Cette instabilité remarquable est attribuée par la politologue Kathryn Dunn Tenpas en grande partie à un mode de gouvernance privilégiant la loyauté personnelle au détriment de la stabilité institutionnelle.
La dynamique du turnover
À son retour au pouvoir, Donald Trump semblait toutefois avoir tiré les leçons de cette première expérience tumultueuse. Les premiers mois de son second mandat ont été marqués par une relative stabilité, avec un taux de turnover initial d'environ 29%, contre 35% lors de la première année du premier mandat, selon les données précises de la Brookings Institution.
Cette phase plus calme s'explique notamment par une transition mieux préparée, des nominations plus rapides et une sélection plus ciblée des collaborateurs, ce qui a donné temporairement l'image d'une présidence plus structurée et organisée.
Le retour de l'instabilité
Cette accalmie n'a cependant pas duré, car les récents départs témoignent d'un retour progressif mais net des mécanismes observés lors du premier mandat. Dans un contexte où les critiques médiatiques, les difficultés politiques et les impératifs stratégiques fragilisent les responsables en place, la stabilité initiale s'effrite.
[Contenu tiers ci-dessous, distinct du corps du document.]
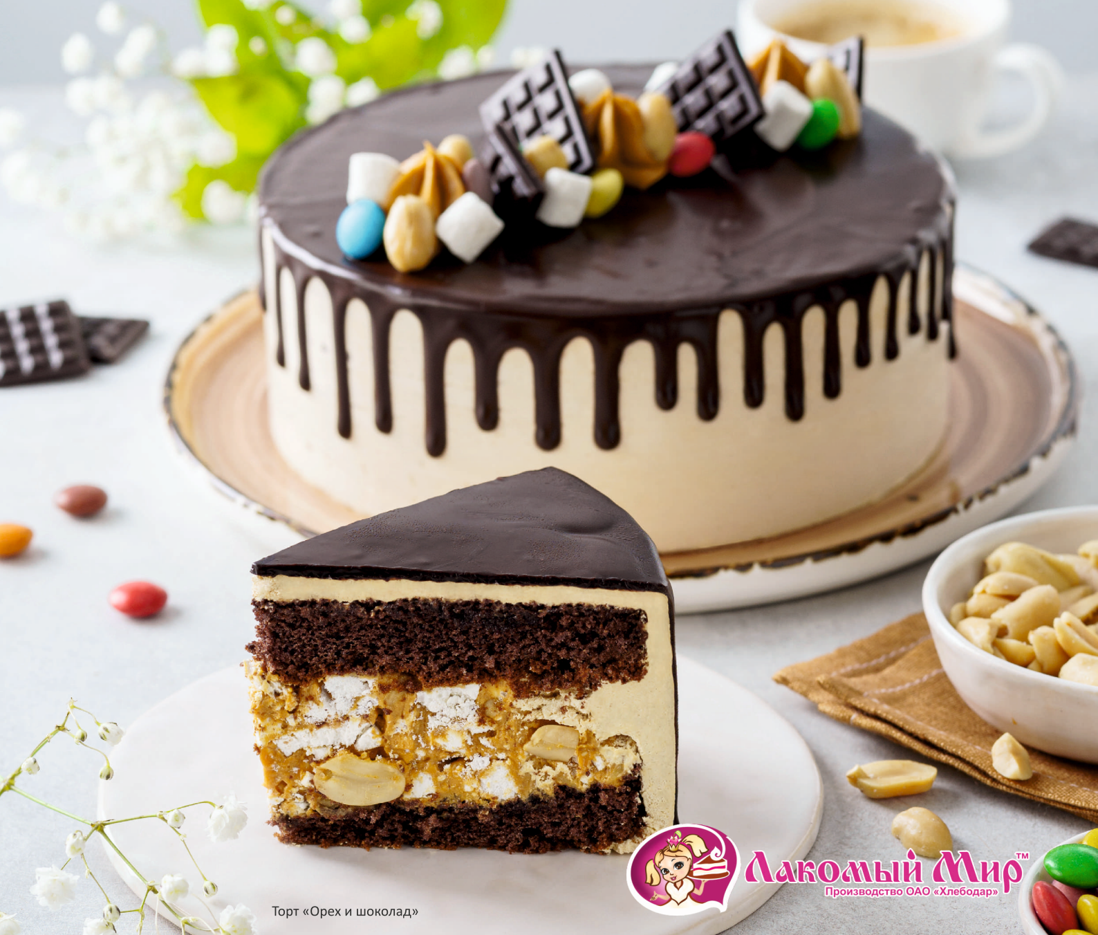
Торт «Орех и шоколад»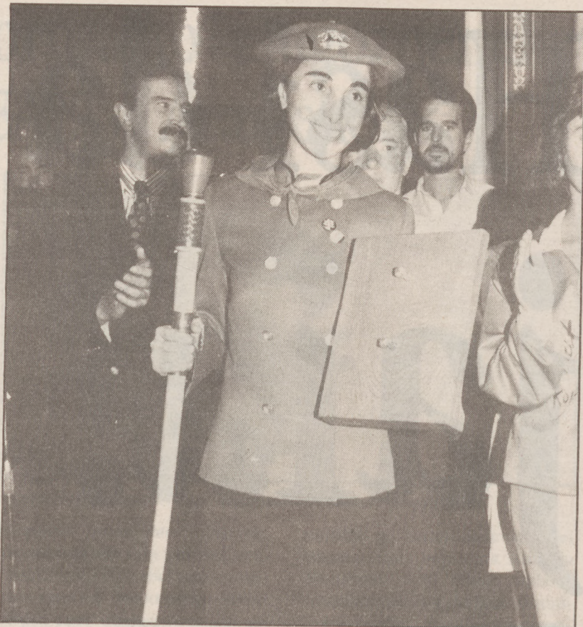
Hau Pittu Hau konpartsako ordezkaria da txupineroa.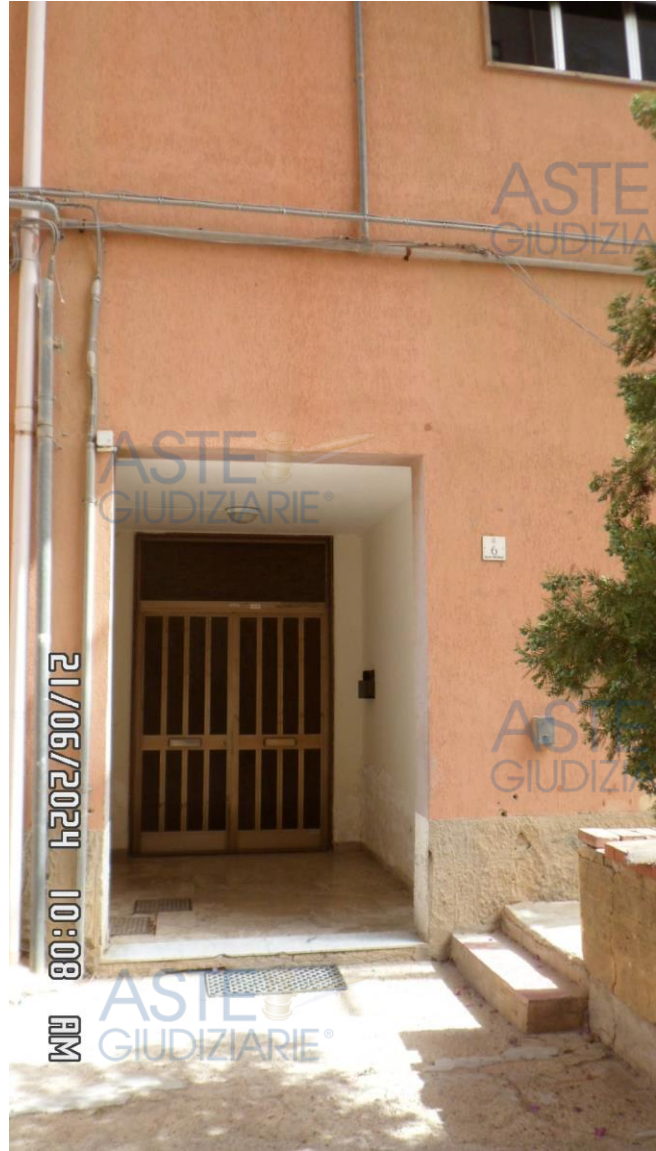
Foto 4 - Veduta del portone d'ingresso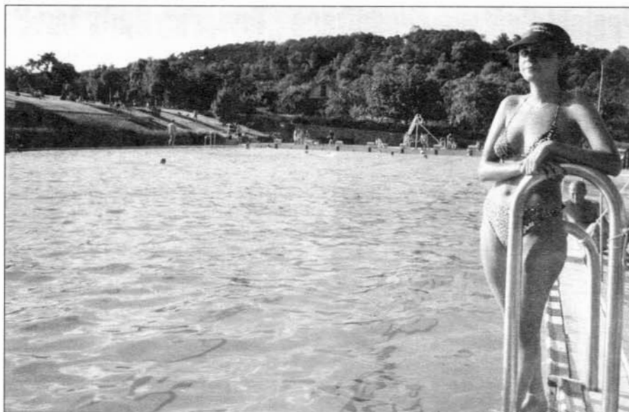
Voda 24 °C, vzduch 28 °C - ideální podmínky pro návštěvu koupaliště.

Totálně zaplevelené ladem ležící pozemky se stávají problémem našeho okolí. Jsou zdrojem obtížně hubitelných plevelů, původců chorob a škůdců pro sousední porosty, na nichž se pak enormně zvyšují náklady na ochranná opatření. Pěstování některých plodin, jako jsou brambory a řepa až zcela znemožňují. Rostlinné společenstvo na ladem ležících pozemcích se stává plošným ohniskem alergologicky významných rostlin, které zvyšují reaktivitu směsi pylů dalších druhů rostlin. Jsou také zdrojem nejvýznamnějších alergenních plísňí rodu Alternaria . Vedle těchto vedlejších účinků způsobují zaplevelené pozemky narušení ekologické rovnováhy v krajině. Heslo „příroda si pomůže sama“ je nepravdivé. Širokolisté hluboko kořeničící plevele se během pěti až sedmi let změni v pyrové společenstvo, které značně znesnadní budoucí opětovné obhospodařování. Cesta ze současného stavu vyžaduje buď pozemky trvale zatravnit, nebo zavádět krátkodobé úhory oseté plodinami na zelené hnojení. Cestou k udržení pozemků bez plevele je i me-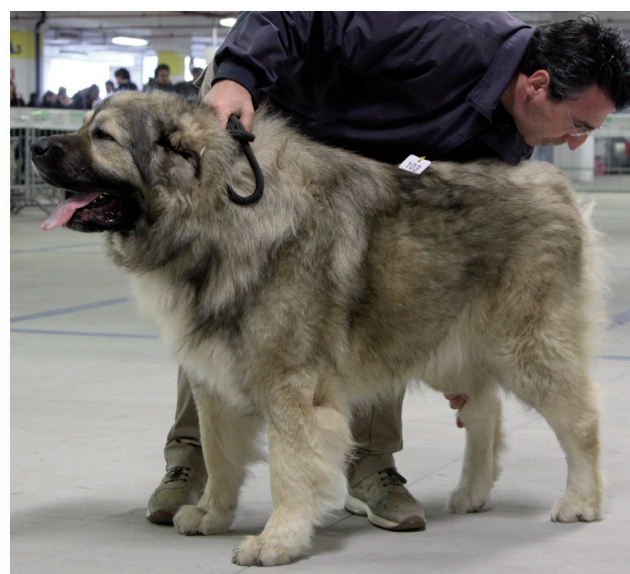
Miglior Maschio Pastore del Caucaso: Eryan Ksyezyc Pamiru

si è svolta nella massima serenità e grazie alla folta cornice a bordo ring anche con una certa tensione competitiva. 25 i soggetti iscritti per quanto riguarda il Cane da pastore del Caucaso, e i protagonisti del Raduno del 2011 si presentano all'appello e conquistano i medesimi risultati: Eryan Ksyezyc Pamiru (Kavkazskoy Natsionalnosty Nurbay x Adhara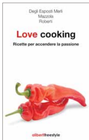
Copertina Love cooking

dei problemi quotidiani. Ingredienti fondamentali per leggere e mettere poi in pratica le proposte culinarie sono la seduzione e l'autoironia, la voglia di giocare e sperimentare. Ricette alla portata di tutti per migliorare la vita di coppia e affrontare ogni situazione con creatività e gusto. E se qualcosa va storto, le autrici ricordano che "sarà proprio l'ironia che vi aiuterà a superare l'impasse di un eventuale fiasco".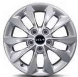
Jantes en acier 16" avec enjoliveurs (Motion)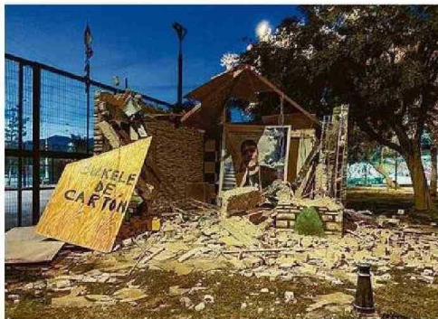
EN CHILE SE HA INTENTADO DEMOLER LOS MAUSOLEOS NARCOS.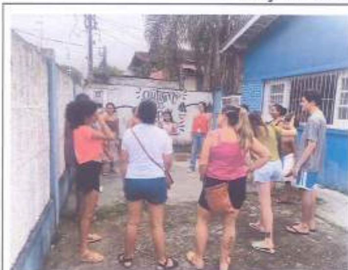
(Encontro com os adolescentes e seus familiares 30/11/2023)

*NOTA EXPLICATIVA: Em decorrência de uma burocracia do banco, não foi possível fazer uma quantidade de transferências e pagamentos na data prevista, ao chegar ao dia 31/10/2023, não foi possível efetuar o pagamentos de dois dos profissionais, o que ocasionou em dois pagamentos realizados no mesmo mês, entretanto o pagamento do dia 01/11/2023 refere-se a prestação de serviços do mês de Outubro.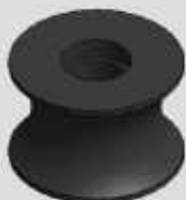
RODÍZIO PARA HASTE 3" INJETADO (US9620) COD-NL9620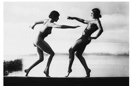
6) „Wege zu Kraft und Schönheit“. Direction: Wilhelm Prager, 1925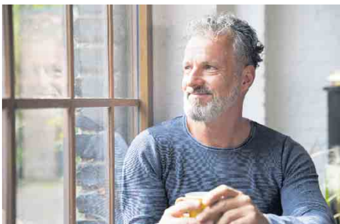
Kleine Rituale wie die morgendliche Tasse Tee am Küchenfenster sorgen für Momente der Entschleunigung.

Ob wir eine Aufgabe als negativen Stress oder positive Herausforderung empfinden, hängt auch von der Bewertung ab. Oft hilft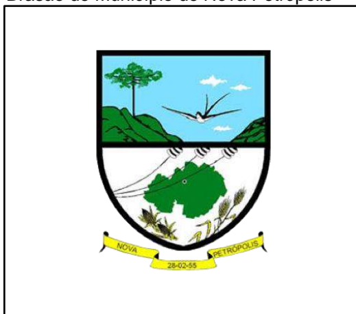
Brasão do Município de Nova Petrópolis

Fonte: Lei Orgânica Nº 116, de 05/04/1958.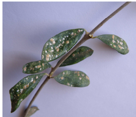
Φύλλα ελιάς προσβεβλημένα από ασπιδιωτό.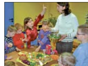
Kinder begeistern sich schnell für gutes Essen.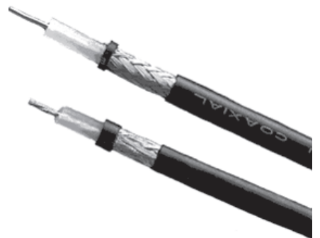
Рис. 4. Устройство коаксиального кабеля

2. Коаксиальный кабель (рис. 4) состоит из одного цельного или витого центрального проводника, который окружен слоем диэлектрика. Проводящий слой алюминиевой фольги, металлической оплетки или их комбинации окружает диэлектрик и служит одновременно как экран против наводок. Общий изолирующий слой образует внешнюю оболочку кабеля.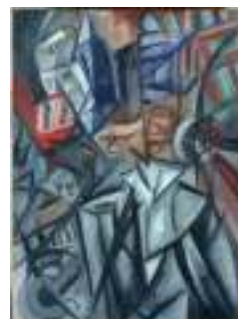
Olga RÓZANOVA Hombre en la calle (Análisis de volúmenes) , 1913 (Man on the Street (Analysis of Volumes)) Óleo sobre lienzo. 83 x 61,5 cm (con marco 103 x 80.5 cm) Museo Nacional Thyssen-Bornemisza, Madrid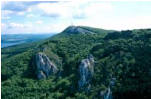
Pohled na vrch Děvín s televizním vysílačem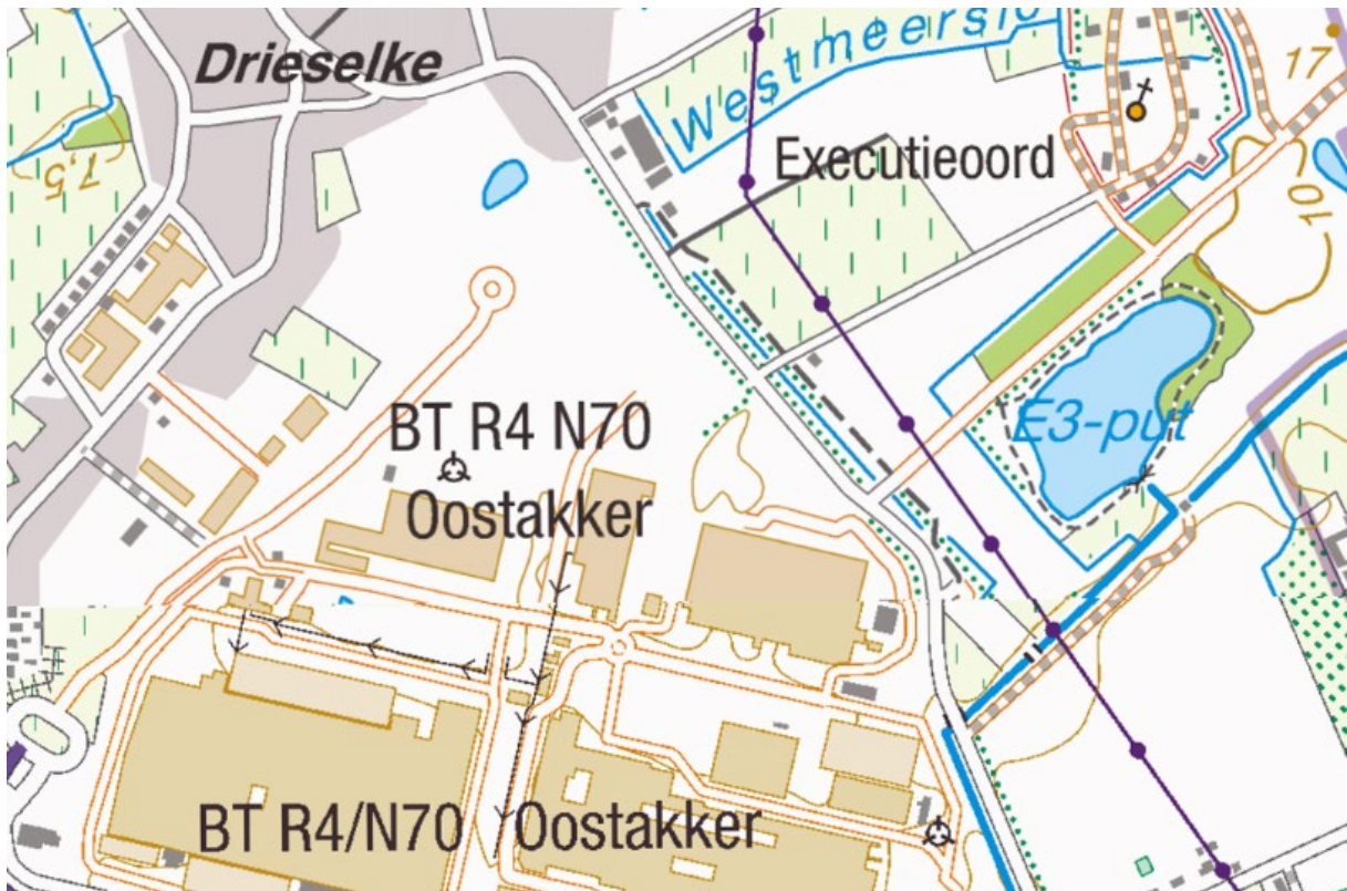
Figuur 5: Voetwegen in kwestie is hierop niet zichtbaar.

Selon de nombreux médias américains, ces départs sont liés à un mélange complexe de scandales, de performances jugées insuffisantes et de pressions politiques diverses. Le Washington Post souligne quant à lui qu'ils s'inscrivent dans une stratégie plus large de repositionnement politique.
Un cycle de renouvellement constant
Plusieurs facteurs permettent d'éclairer cette dynamique particulière :
- Une gouvernance qui continue de placer la loyauté au centre de l'évaluation des responsables
- Une approche qui favorise la cohésion à court terme mais expose rapidement les individus dès qu'ils deviennent vulnérables
- Une faible tolérance au risque politique, qui conduit à écarter rapidement les figures devenues gênantes
Cette faible tolérance réduit mécaniquement la durée en fonction des collaborateurs et alimente un cycle de renouvellement constant. Dans ce cadre spécifique, le turnover ne constitue pas seulement une conséquence des crises, mais devient également un instrument politique à part entière, utilisé pour projeter l'image d'un pouvoir réactif et capable d'agir rapidement.
Une présidence à part dans l'histoire récente
Comparée à celles de ses prédécesseurs immédiats, la présidence de Donald Trump se distingue nettement par son instabilité structurelle. Les taux de rotation sont estimés autour de 24%, contre environ 20% sous Barack Obama et seulement 9% sous Joe Biden selon des analyses comparatives portant sur les postes confirmés par le Sénat américain.
Les chercheurs et analystes politiques soulignent que cette instabilité persistante a des effets concrets et mesurables sur le fonctionnement de l'État américain :
- Elle perturbe la continuité des politiques publiques
- Elle affaiblit l'expertise administrative accumulée
- Elle pèse significativement sur le moral des institutions fédérales
Un modèle hybride en évolution
Ce second mandat ne marque donc pas une rupture nette avec les pratiques du premier, mais plutôt une évolution vers un modèle hybride particulier. Dans ce schéma, une phase initiale de stabilité relative laisse progressivement place à un retour de la volatilité à mesure que les pressions politiques s'intensifient et que les défis s'accumulent.
Plusieurs analyses évoquent déjà la possibilité de nouveaux remaniements dans les mois à venir, notamment dans des secteurs clés de la politique intérieure et internationale. Au final, le turnover au sein de l'administration Trump apparaît à la fois comme une réponse aux crises ponctuelles et comme l'expression d'une stratégie plus profonde et plus structurelle.
Dans cette vision, les responsables politiques deviennent des variables d'ajustement au service des objectifs politiques immédiats de Donald Trump, créant ainsi un système de gouvernance unique dans l'histoire politique américaine récente.